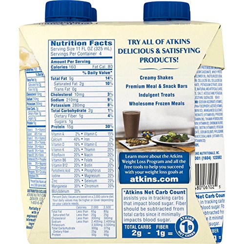 (Atkins)/Sports Nutrition/Protein/DIRECT FROM USA/Atkins French Vanilla Shake, 11Fl oz 4 Count
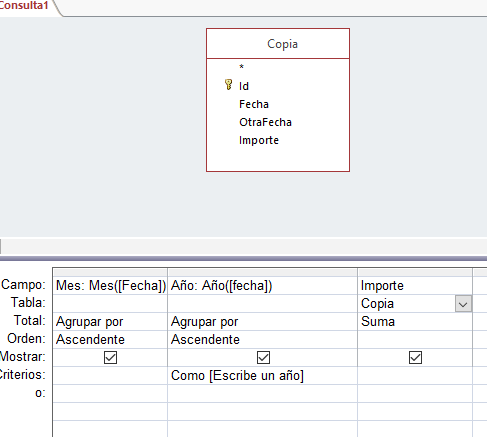 Joer, que dais pocas explicaciones!. Puedes hacerlo de muchas formas, todo depende de como lo quieras. Por ejemplo, supongamos que tienes una tabla Ventas con,,,, Fechaventa(dd/mm/aaaa)... Importe. Puedes hacer una consulta y poner el campo
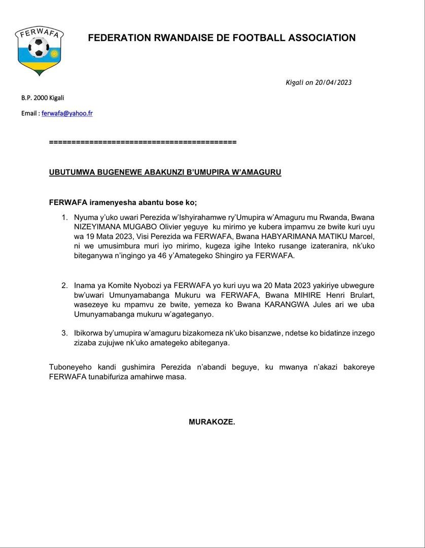 2. La réunion du Comité Exécutif de la FERWAFA du 20 avril 2023 a reçu de l’ancien Secrétaire Général de la FERWAFA, Monsieur MIHIRE Henri Brulart, qui a démissionné pour des raisons personnelles, a confirmé que M. KARANGWA Jules est celui qui vit secrétaire général par intérim.
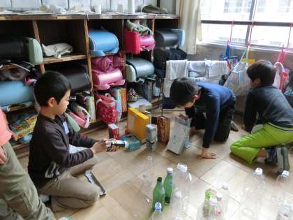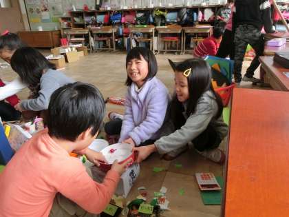 1年生を「ガラクタしょう店がい」に招待するために,集めた廃材を使って,あそびを考えました。今回は友だちとやりあって,良いところを見つけ合いました。お互いの遊びを交流して,とても楽しそうに活動していました。
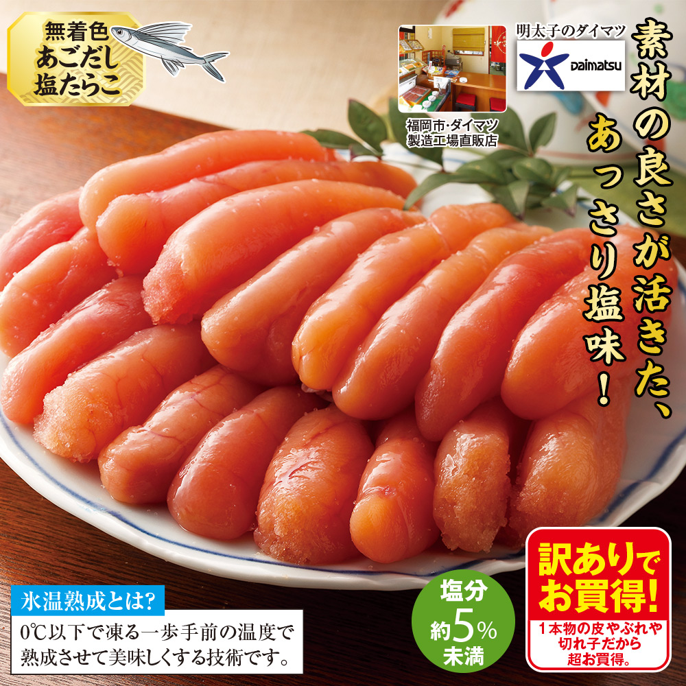 良質なロシア産のすけとうだらの卵を、活性炭で浄水した仕込み水で塩漬けにしました。 氷温熟成を施したさっぱり味の塩たらこです。 訳ありでお買得! 1本物の皮やぶれや切れ子だから超お買得。 氷温熟成とは? 0℃以下で凍る一歩手前の温度で熟成させて美味しくする技術です。 無着色 あごだし塩たらこ
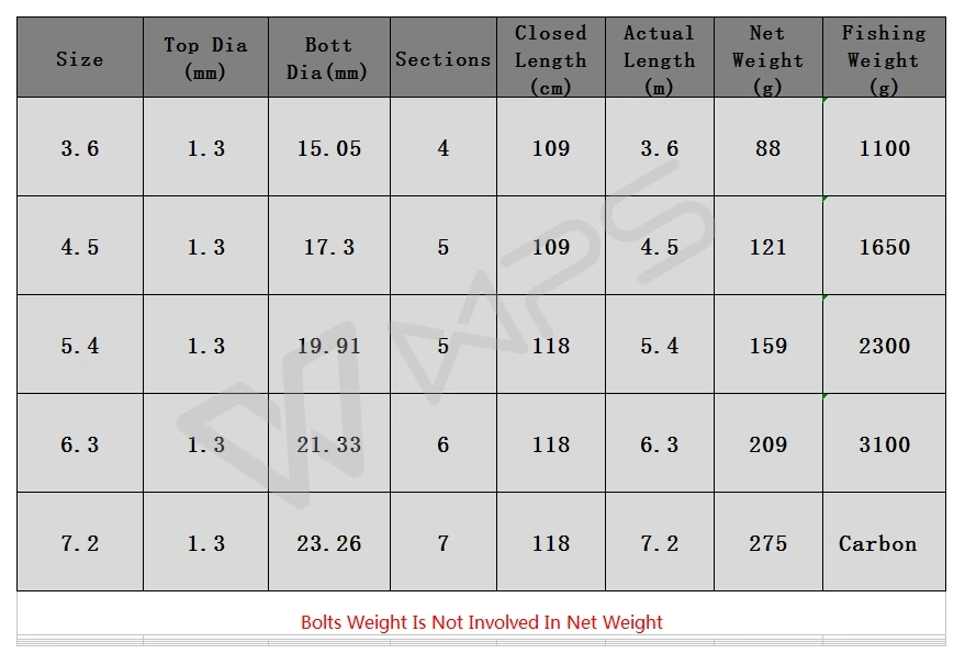 Longitud: 3,6-7,2 m Longitud cerrada: 109-118 cm
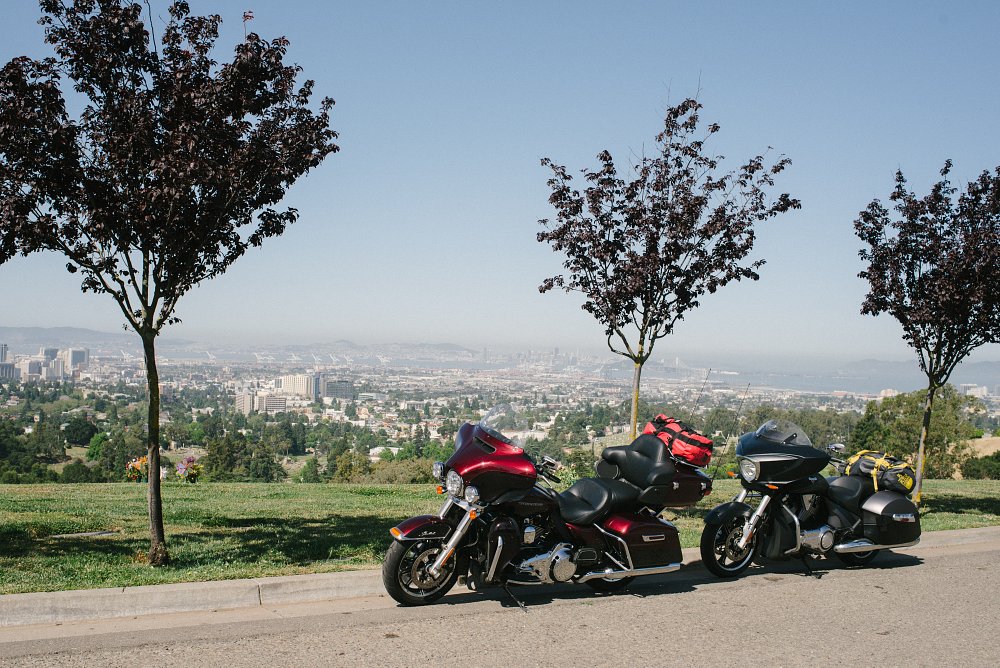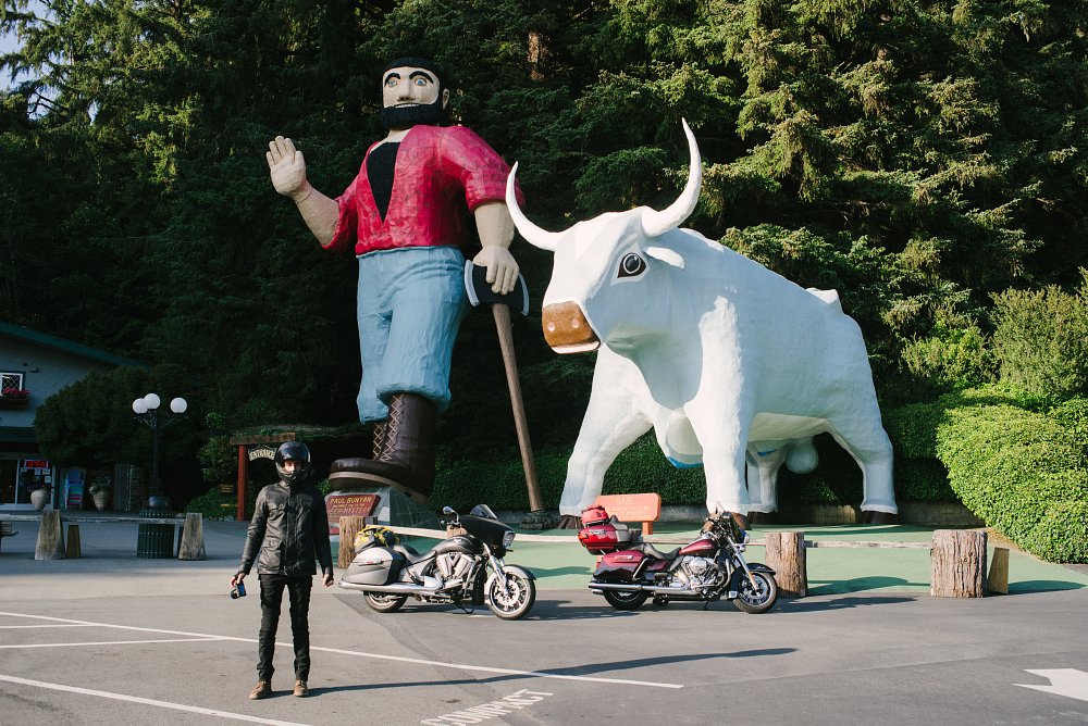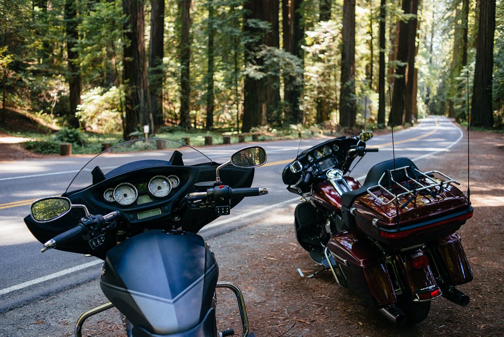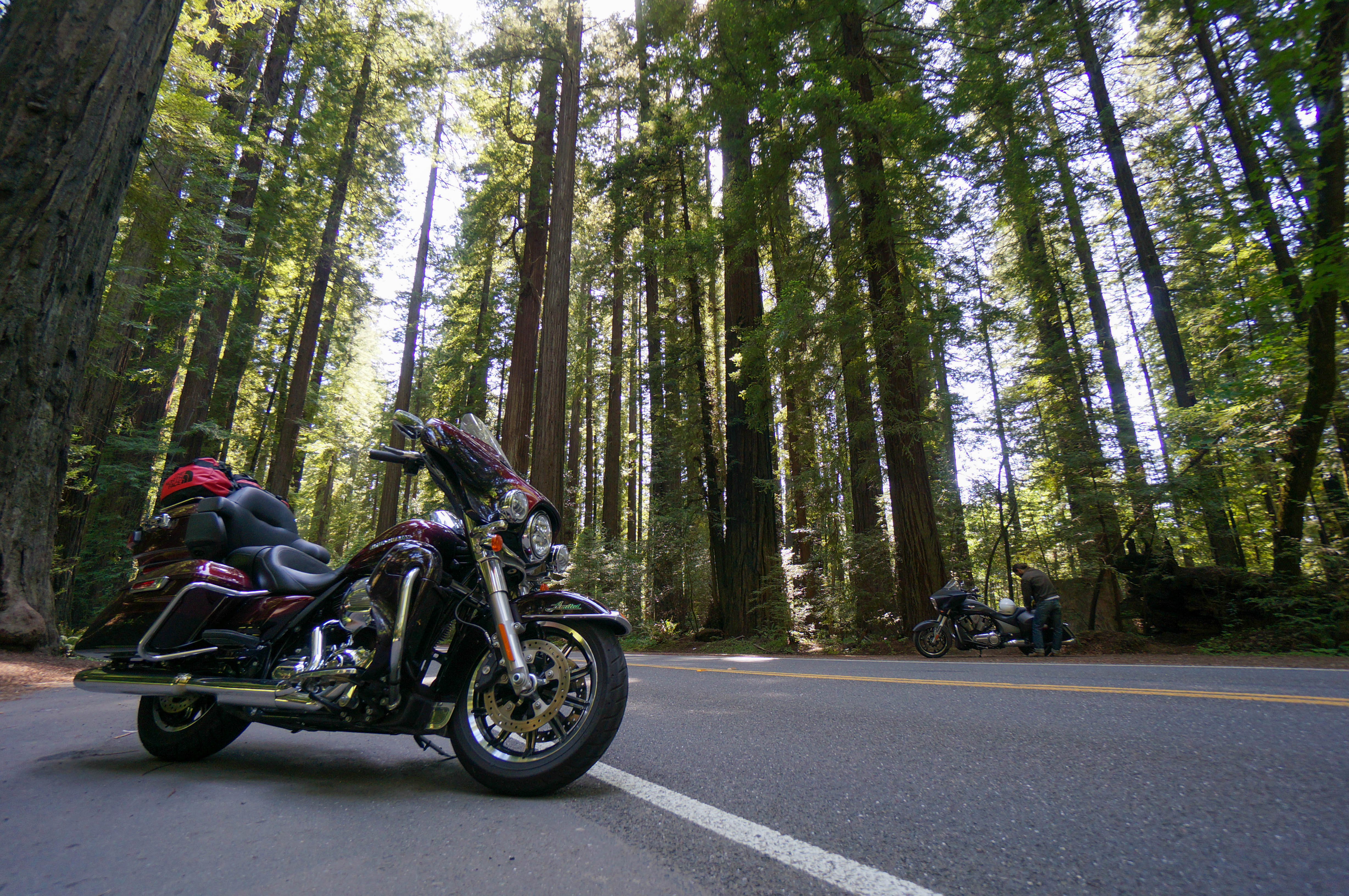 Paul and Babe were unimpressed by our hogs. Photo by Samson Hatae taken in the Redwoods National Park, California.

┄┄┄┄┄┄

Task statement: Your answer must be an exact copy of every entry, with the pictures left out.

Answer for this exercise:
 (Atkins)/Sports Nutrition/Protein/DIRECT FROM USA/Atkins French Vanilla Shake, 11Fl oz 4 Count
 Joer, que dais pocas explicaciones!. Puedes hacerlo de muchas formas, todo depende de como lo quieras. Por ejemplo, supongamos que tienes una tabla Ventas con,,,, Fechaventa(dd/mm/aaaa)... Importe. Puedes hacer una consulta y poner el campo
 2. La réunion du Comité Exécutif de la FERWAFA du 20 avril 2023 a reçu de l’ancien Secrétaire Général de la FERWAFA, Monsieur MIHIRE Henri Brulart, qui a démissionné pour des raisons personnelles, a confirmé que M. KARANGWA Jules est celui qui vit secrétaire général par intérim.
 1年生を「ガラクタしょう店がい」に招待するために,集めた廃材を使って,あそびを考えました。今回は友だちとやりあって,良いところを見つけ合いました。お互いの遊びを交流して,とても楽しそうに活動していました。
 良質なロシア産のすけとうだらの卵を、活性炭で浄水した仕込み水で塩漬けにしました。 氷温熟成を施したさっぱり味の塩たらこです。 訳ありでお買得! 1本物の皮やぶれや切れ子だから超お買得。 氷温熟成とは? 0℃以下で凍る一歩手前の温度で熟成させて美味しくする技術です。 無着色 あごだし塩たらこ
 Longitud: 3,6-7,2 m Longitud cerrada: 109-118 cm
 Paul and Babe were unimpressed by our hogs. Photo by Samson Hatae taken in the Redwoods National Park, California.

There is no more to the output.